Muon demonstrates approximately 2x greater computational efficiency compared to AdamW for compute-optimal training, significantly reducing the resources required.
Muon, proposed by K. Jordan et al. (2024), updates matrix parameters using orthogonalized gradient momentum via Newton-Schulz iteration. This approach ensures update matrices are isomorphic, preventing learning along a few dominant directions. Initial experiments showed strong results for small models, but scalability to larger models required further enhancements.
Crucially, the addition of weight decay (Wt = Wt-1 - ηt(Ot + λWt-1)) was identified as vital for Muon's scalability. Without it, weight and layer output RMS values grew too large, harming performance. Weight decay resolved this, enabling Muon to outperform vanilla Muon and AdamW in the over-train regime.
Maintaining a consistent update RMS across different matrix shapes was another critical improvement. Muon's theoretical update RMS varies with √1/max(A, B). We introduced a scaling factor of √max(A, B) to normalize updates, ensuring stability and optimal performance across diverse parameter shapes (e.g., dense MLP matrices, KV heads). This adjustment also allows Muon to reuse AdamW's tuned learning rates and weight decay.
Distributed Implementation
This section describes the optimized distributed implementation of Muon, highlighting its memory and communication efficiencies.
Enterprise Process Flow
Our distributed Muon implementation builds upon ZeRO-1 (Rajbhandari et al. 2020) to partition optimizer states across Data Parallel (DP) groups.

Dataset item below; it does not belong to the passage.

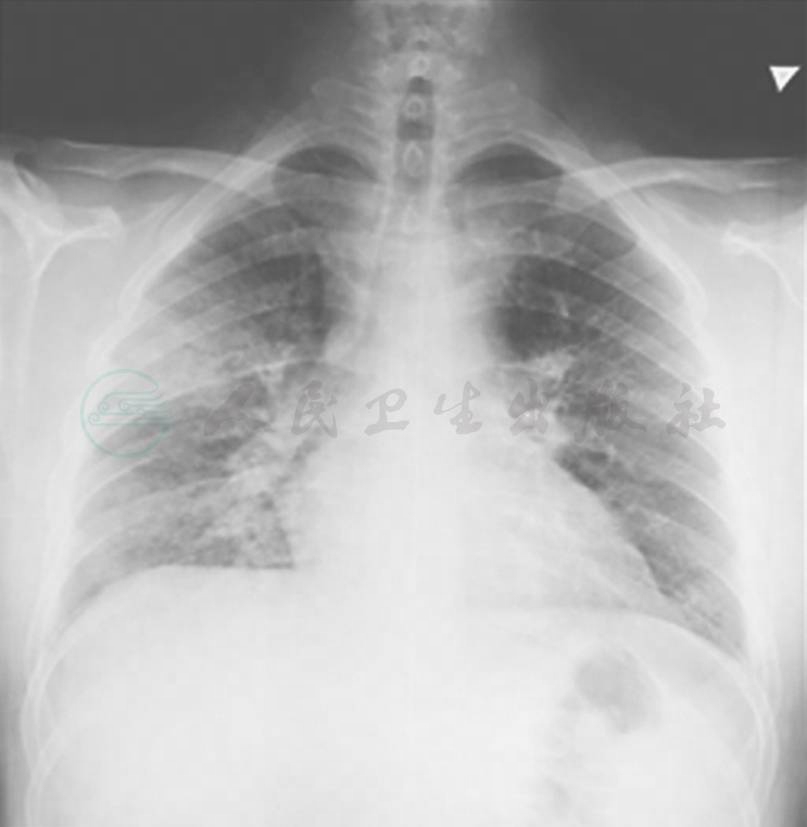 支气管肺泡癌是腺癌的一种类型,患者可出现咳嗽伴大量泡沫痰液,可发生于年轻人,胸部影像学检查可见局灶性或弥漫性肺实质高密度影。本病例目前不能排除这一可能。肺转移瘤胸部影像学表现常为多发结节影,患者发热少见。本例患者的X线胸片显示双侧肺部病变呈斑片状,为肺转移瘤的可能性不大。本例患者病程较长,不发热期间一般情况较好,无体重明显下降,食欲、二便正常,患肿瘤的可能性较小,但仍需进一步行胸部CT、支气管镜检查以及病理检查等以排除之。

Compared to a vanilla ZeRO-1 AdamW, Distributed Muon introduces two additional operations: DP Gather (to form a full gradient matrix for Newton-Schulz) and Calculate Full Update.

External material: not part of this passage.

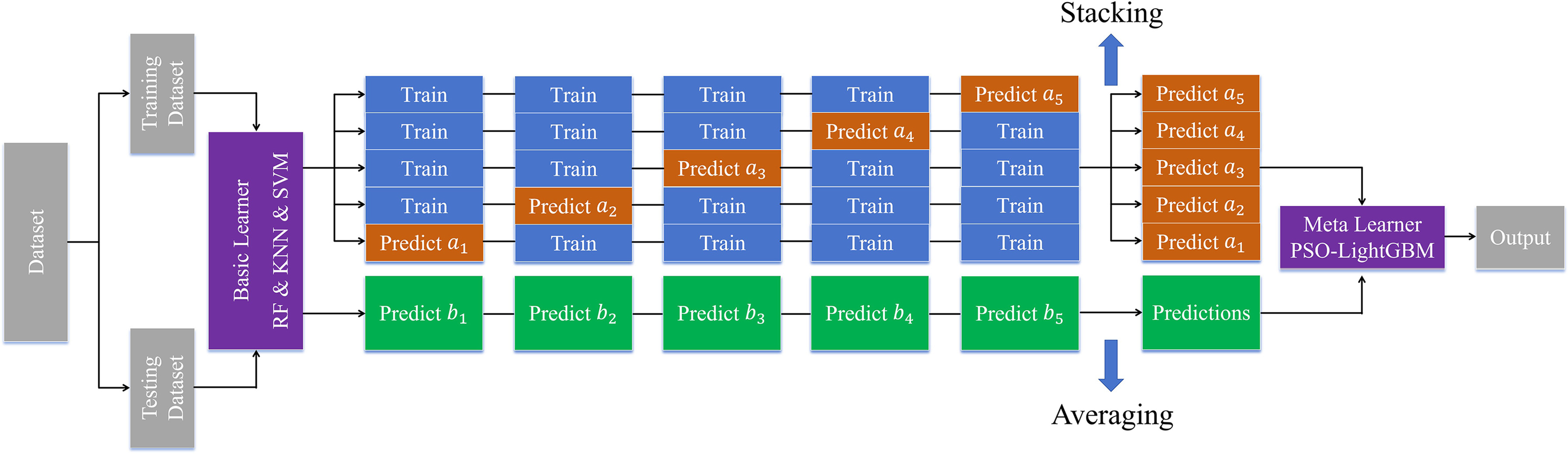 可复用内容:以经典机器学习模型为基学习器,通过交叉验证生成元特征,采用PSO优化轻量级梯度提升模型(如LightGBM)作为元学习器,实现缺陷分类;

Memory Usage: Muon uses only one momentum buffer, half of AdamW's requirement, leading to optimal memory efficiency. Communication Overhead: The additional DP gathering is efficient, with the Newton-Schulz iterations performed in bf16, further reducing overhead. Overall, communication workload is comparable to AdamW (1x to 1.25x). Latency: While additional communication and Newton-Schulz steps are introduced, the end-to-end latency is negligible (1-3% of forward-backward pass time), further optimized by overlapping operations.
Scaling Law Validation
Exploration of Muon's performance through scaling law experiments, demonstrating its superior efficiency compared to traditional optimizers.

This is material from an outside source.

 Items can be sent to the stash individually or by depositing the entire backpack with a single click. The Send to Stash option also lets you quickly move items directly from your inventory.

Muon requires only approximately 52% of the training FLOPs to achieve performance comparable to AdamW under compute-optimal settings, highlighting significant resource savings.
We performed comprehensive scaling law experiments on Llama-architecture dense models, rigorously comparing Muon with a strong AdamW baseline. AdamW's hyper-parameters were optimized via a grid search following compute-optimal training setups. For Muon, we reused these optimal AdamW hyper-parameters after matching its update RMS.
The fitted scaling law curves (Figure 3 in the paper) confirm that Muon provides comparable performance to AdamW with substantially reduced computational requirements, making it a highly efficient optimizer for large-scale LLM training.
Moonlight Model Performance
Detailed performance analysis of Moonlight, a Muon-optimized MoE model, against leading public models.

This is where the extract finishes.